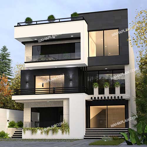 ویلایی تریبلکس با طراحی نمای مدرن که متریال آن سنگ در دو رنگ تیره و روشن است. حجم ویلا به صورت یک پارچه طراحی شده ولی بازی با رنگ سنگها در نمای هر طبقه این حس را به بیننده القا میکند که هر طبقه مجزا از سایر طبقهها میباشد. از نقاط قوت طراحی این ساختمان استفاده حداکثری از بازشوهای عریض میباشد که تهویه و نور خورشید را به خوبی به فضای درون ویلا هدایت میکند. وارد شدن به فضای درون خانه توسط چند پله ممکن میشود که این پلکان سبب عدم نفوذ رطوبت مستقیم از کف زمین به کف داخلی ساختمان میشود.
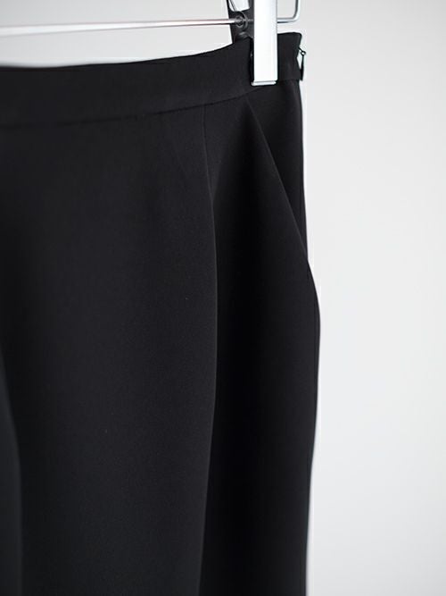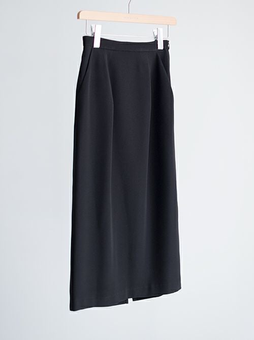 フォーマルで使えるブラックスカート。適度な肉感が体のラインを拾い過ぎず、滑らかに落ちるシルキーなツインダブルクロスを使用しており、女性らしい美しいシルエットが特徴。流行り廃りのないシルエットで、長く着て頂けます。皺になりにくいポリエステル素材で、ご自宅での手洗いが可能です。
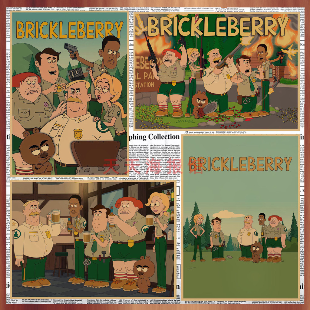 Crispy Berry Park Brickleberry Poster Cartoon Anime Retro Kraft Paper Decorative Wall Painting Mural
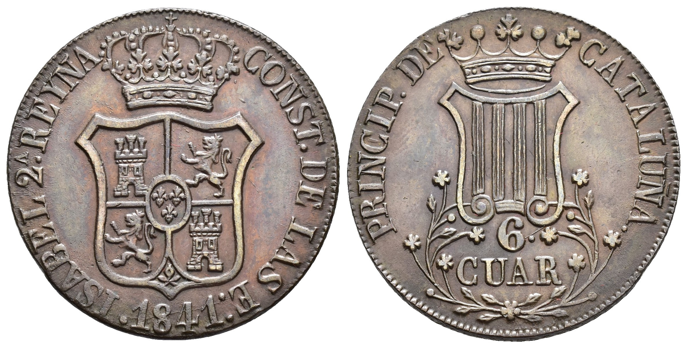 ISABEL II. 6 cuartos. 1841. Cataluña. Flores de 5 pétalos. CU 13,32 g. 31,9 mm. VI-229; AC-22. EBC-.
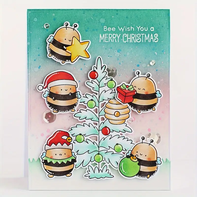 1pc, 2023 2024 Little Bee, Weihnachtsbaum Kartenherstellung
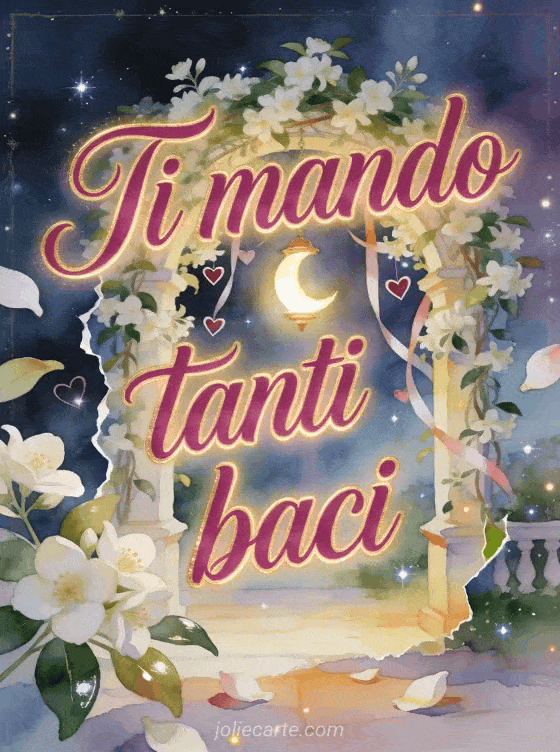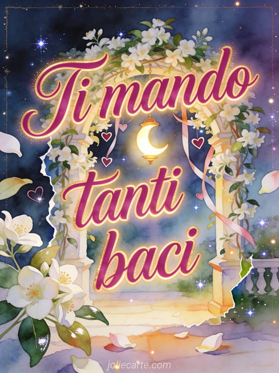 Manda tanti baci in un pergolato di gelsomino ad acquerello, con una lampada a luna crescente accesa, nastri a cuore e luce calda scintillante. Puoi condividere anche mandare baci gif, pioggia di baci immagini o baci di animali gif.
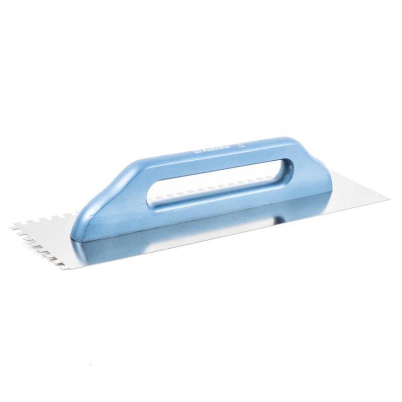 • na podlahy, nanášení omítek, lepidel a štuků, velikost zubů proporcionálně k velikosti obkladaček
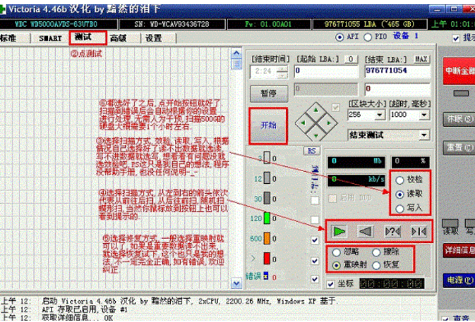 Victoria这款工具具备硬盘表面检测以及硬盘坏道修复以及SMART信息察看保存还有Cache缓存控制等各种功能。
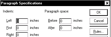6. In the Paragraph Specifications dialog box, click Ok. |
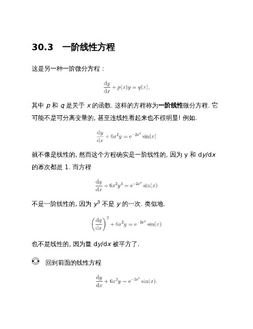 30.3 一阶线性方程 这是另一种一阶微分方程: 其中 p 和 q 是关于 x 的函数. 这样的方程称为一阶线性微分方程. 它 可能不是可分离变量的, 甚至连线性看起来也不很明显! 例如. 就不像是线性的, 然而这个方程确实是一阶线性的, 因为 y 和 dy/dx 的幂次都是 1. 而方程 3 不是一阶线性的, 因为 y 不是 y 的一次. 类似地. 也不是线性的, 因为量 dy/dx 被平方了. 回到前面的线性方程

▸ What to work on
The copy must start at the line containing "k velikosti obkladaček" and end at the last line of the data, matching each line exactly. It must hold no pictures.

▸ Exercise answer
 • na podlahy, nanášení omítek, lepidel a štuků, velikost zubů proporcionálně k velikosti obkladaček
 Victoria这款工具具备硬盘表面检测以及硬盘坏道修复以及SMART信息察看保存还有Cache缓存控制等各种功能。
6. In the Paragraph Specifications dialog box, click Ok. |
 30.3 一阶线性方程 这是另一种一阶微分方程: 其中 p 和 q 是关于 x 的函数. 这样的方程称为一阶线性微分方程. 它 可能不是可分离变量的, 甚至连线性看起来也不很明显! 例如. 就不像是线性的, 然而这个方程确实是一阶线性的, 因为 y 和 dy/dx 的幂次都是 1. 而方程 3 不是一阶线性的, 因为 y 不是 y 的一次. 类似地. 也不是线性的, 因为量 dy/dx 被平方了. 回到前面的线性方程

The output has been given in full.